To render the entity, add a draw system using the @nanoforge-dev/graphics-2d library:

client/systems/draw.system.ts
import { Graphics2DLibrary, Rect } from '@nanoforge-dev/graphics-2d';
import type { Registry, Context } from '@nanoforge-dev/ecs-client';
import { Position } from '../components';

export function drawSystem(registry: Registry, ctx: Context) {
  const graphics = ctx.libs.getGraphics<Graphics2DLibrary>();
  const entities = registry.getZipper([Position]);

  for (const entity of entities) {
    const rect = new Rect({
      x: entity.Position.x,
      y: entity.Position.y,
      width: 32,
      height: 32,
      fill: '#7c3aed',
    });
    graphics.stage.add(rect);
  }
}
06

Run in dev mode

nf dev compiles your project, starts both client and server, and watches for changes with hot reload.

terminal
$ cd my-game
$ nf dev

NanoForge Dev Mode
 Game running at  http://localhost:3000

Hot reload

Save a file and the engine recompiles and reloads without losing entity state.

Source maps

TypeScript errors point to your source, not the compiled output.

Config watch

Changes to nanoforge.config.json are picked up automatically.

Dev tools

Inspect entities and tweak components live with the built-in visual editor.

07

Install packages

The NanoForge Registry hosts ready-to-use components, systems, and templates. Install them with nf install:

terminal
# install a community component on the client side
$ nf install base/physics-2d

# install on the server side
$ nf install --server base/physics-2d

# install as a plain library (no component/system scaffold)
$ nf install --lib @nanoforge-dev/input

Once installed, packages are imported like any TypeScript module.

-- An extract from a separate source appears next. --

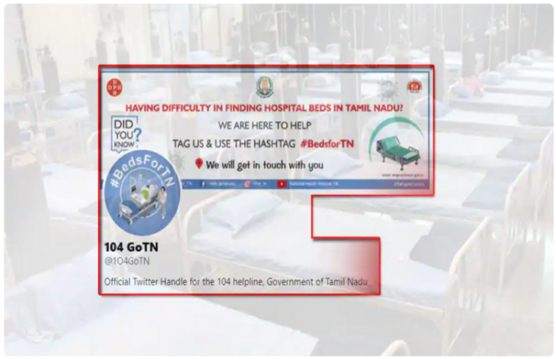 बता दें कि तमिलनाडु स्वास्थ्य विभाग ने कोरोना मरीजों के लिए बिस्तर की सुविधा प्राप्त करने के लिए एक ट्विटर अकाउंट @1O4GoTN लॉंच किया है। इस अकाउंट के जरिए कोरोना मरीज अस्पतालों में बेड के लिए अनुरोध कर सकते हैं। यह बताया गया है कि कोरोना मरीजों के अनुरोध को अंजाम तक पहुंचाने के लिए एक एकीकृत कमांड सेंटर स्थापित किया जाएगा।
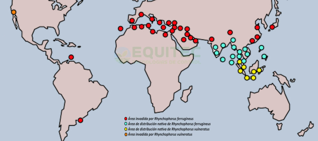 Además, hay un punto que no es menor y que muchas veces se pasa por alto. En nuestras ciudades y paisajes productivos predominan palmeras canarias (Phoenix canariensis), una especie que prácticamente no existe en el sudeste asiático. Desde el punto de vista alimenticio, este hospedante le ofrece al picudo rojo una disponibilidad de tejido muy favorable, que incluso podría considerarse más atractiva que la del cocotero u otras palmeras nativas de Asia. Ese cambio de hospedante también ayuda a explicar por qué, fuera de su área de origen, el insecto encuentra condiciones tan propicias para expandirse.

The CLI also generates stubs for components and systems so you can start using them immediately.

base/physics-2d
base/tilemap-loader
base/input-manager
base/ui-components
Browse all
08

Build & deploy

When you're ready to ship, build your project and start the production server:

terminal
# compile client and server
$ nf build

NanoForge Build
  Building Client...
🚀  Build succeeded!

# start the production server (serves on port 3000 by default)
$ nf start

# custom port and HTTPS
$ nf start --port 8080 --cert cert.pem --key key.pem

You can also manage deployments directly from the Project Manager — a web dashboard where you can monitor builds, manage multiple projects, and invite collaborators.

NanoForge games are served as a URL — no client install, no plugins. Your players open a link and the game runs.